- _About this exercise_
Nothing should appear in the answer except the lines below from the line containing "Una pequeña caja" through the line containing "adidas Originals Nizza", copied exactly, with pictures left out.

- _The data_
● ● ● ●

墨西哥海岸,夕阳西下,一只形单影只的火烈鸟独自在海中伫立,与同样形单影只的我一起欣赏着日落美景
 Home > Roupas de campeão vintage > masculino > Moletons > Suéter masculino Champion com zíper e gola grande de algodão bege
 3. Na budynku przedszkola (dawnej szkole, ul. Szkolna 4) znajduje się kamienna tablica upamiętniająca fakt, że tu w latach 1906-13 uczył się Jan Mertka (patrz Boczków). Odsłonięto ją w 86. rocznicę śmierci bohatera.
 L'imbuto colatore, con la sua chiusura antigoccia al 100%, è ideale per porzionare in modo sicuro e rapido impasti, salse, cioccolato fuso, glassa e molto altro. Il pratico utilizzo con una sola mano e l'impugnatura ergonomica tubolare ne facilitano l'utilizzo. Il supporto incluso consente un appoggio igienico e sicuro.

● ● ● ●

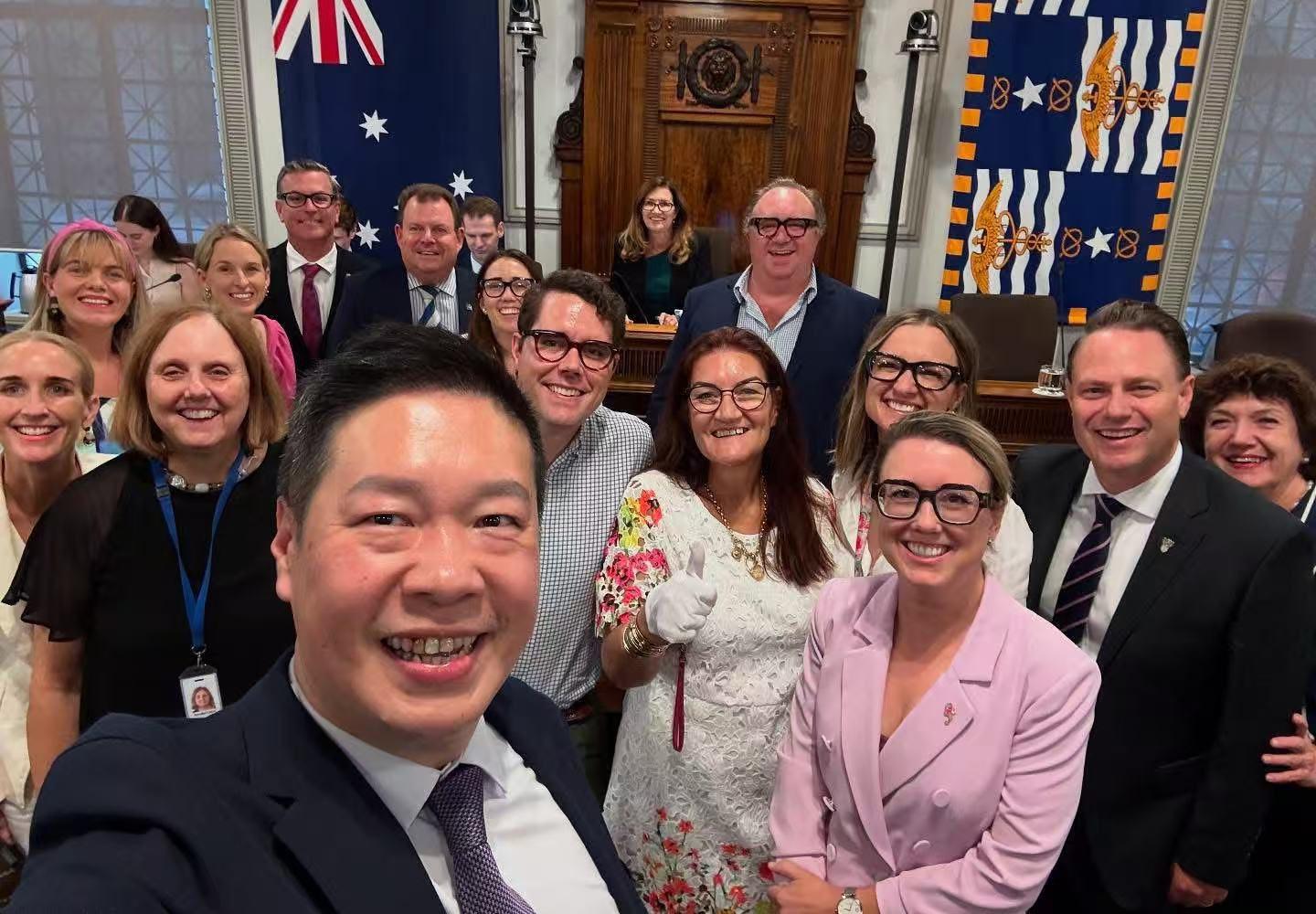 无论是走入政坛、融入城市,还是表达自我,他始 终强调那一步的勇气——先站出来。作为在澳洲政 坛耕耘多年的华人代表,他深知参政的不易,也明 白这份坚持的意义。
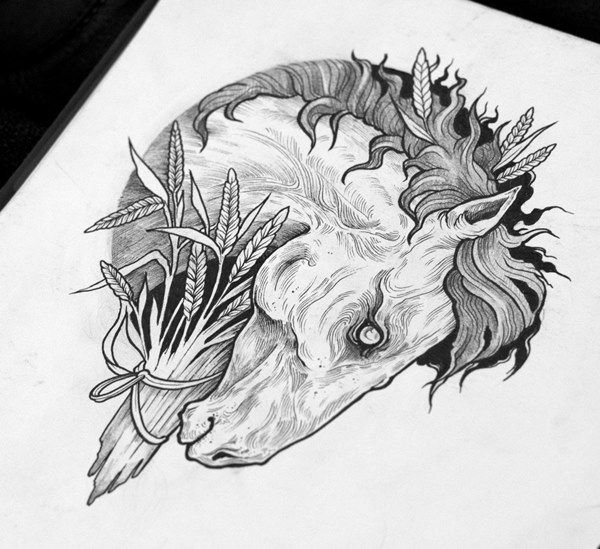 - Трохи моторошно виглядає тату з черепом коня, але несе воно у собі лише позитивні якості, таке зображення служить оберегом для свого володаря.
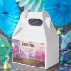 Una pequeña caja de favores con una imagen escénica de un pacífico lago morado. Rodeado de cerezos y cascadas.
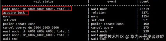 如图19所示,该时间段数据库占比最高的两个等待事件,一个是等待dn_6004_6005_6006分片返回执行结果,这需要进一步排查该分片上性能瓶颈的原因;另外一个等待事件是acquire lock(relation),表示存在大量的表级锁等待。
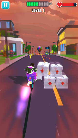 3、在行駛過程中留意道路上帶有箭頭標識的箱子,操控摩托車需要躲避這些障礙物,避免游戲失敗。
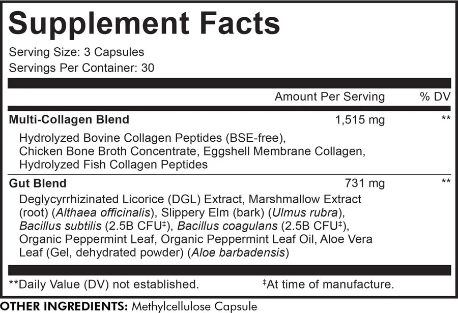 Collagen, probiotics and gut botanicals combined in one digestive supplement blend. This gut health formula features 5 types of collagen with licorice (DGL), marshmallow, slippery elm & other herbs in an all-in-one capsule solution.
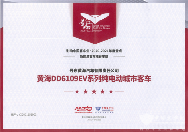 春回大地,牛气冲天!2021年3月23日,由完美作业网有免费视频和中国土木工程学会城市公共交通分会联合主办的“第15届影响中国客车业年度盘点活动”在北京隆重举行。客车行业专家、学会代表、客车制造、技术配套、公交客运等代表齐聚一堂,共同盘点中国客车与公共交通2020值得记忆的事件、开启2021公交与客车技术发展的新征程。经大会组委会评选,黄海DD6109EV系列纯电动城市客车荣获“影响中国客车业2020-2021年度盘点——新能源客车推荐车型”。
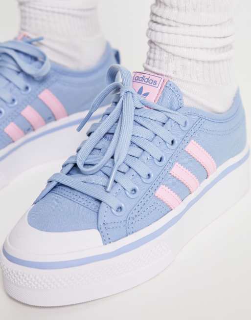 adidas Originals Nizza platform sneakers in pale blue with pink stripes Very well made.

● ● ● ●

- _Answer box_
 Una pequeña caja de favores con una imagen escénica de un pacífico lago morado. Rodeado de cerezos y cascadas.
 如图19所示,该时间段数据库占比最高的两个等待事件,一个是等待dn_6004_6005_6006分片返回执行结果,这需要进一步排查该分片上性能瓶颈的原因;另外一个等待事件是acquire lock(relation),表示存在大量的表级锁等待。
 3、在行駛過程中留意道路上帶有箭頭標識的箱子,操控摩托車需要躲避這些障礙物,避免游戲失敗。
 Collagen, probiotics and gut botanicals combined in one digestive supplement blend. This gut health formula features 5 types of collagen with licorice (DGL), marshmallow, slippery elm & other herbs in an all-in-one capsule solution.
 春回大地,牛气冲天!2021年3月23日,由完美作业网有免费视频和中国土木工程学会城市公共交通分会联合主办的“第15届影响中国客车业年度盘点活动”在北京隆重举行。客车行业专家、学会代表、客车制造、技术配套、公交客运等代表齐聚一堂,共同盘点中国客车与公共交通2020值得记忆的事件、开启2021公交与客车技术发展的新征程。经大会组委会评选,黄海DD6109EV系列纯电动城市客车荣获“影响中国客车业2020-2021年度盘点——新能源客车推荐车型”。
 adidas Originals Nizza platform sneakers in pale blue with pink stripes Very well made.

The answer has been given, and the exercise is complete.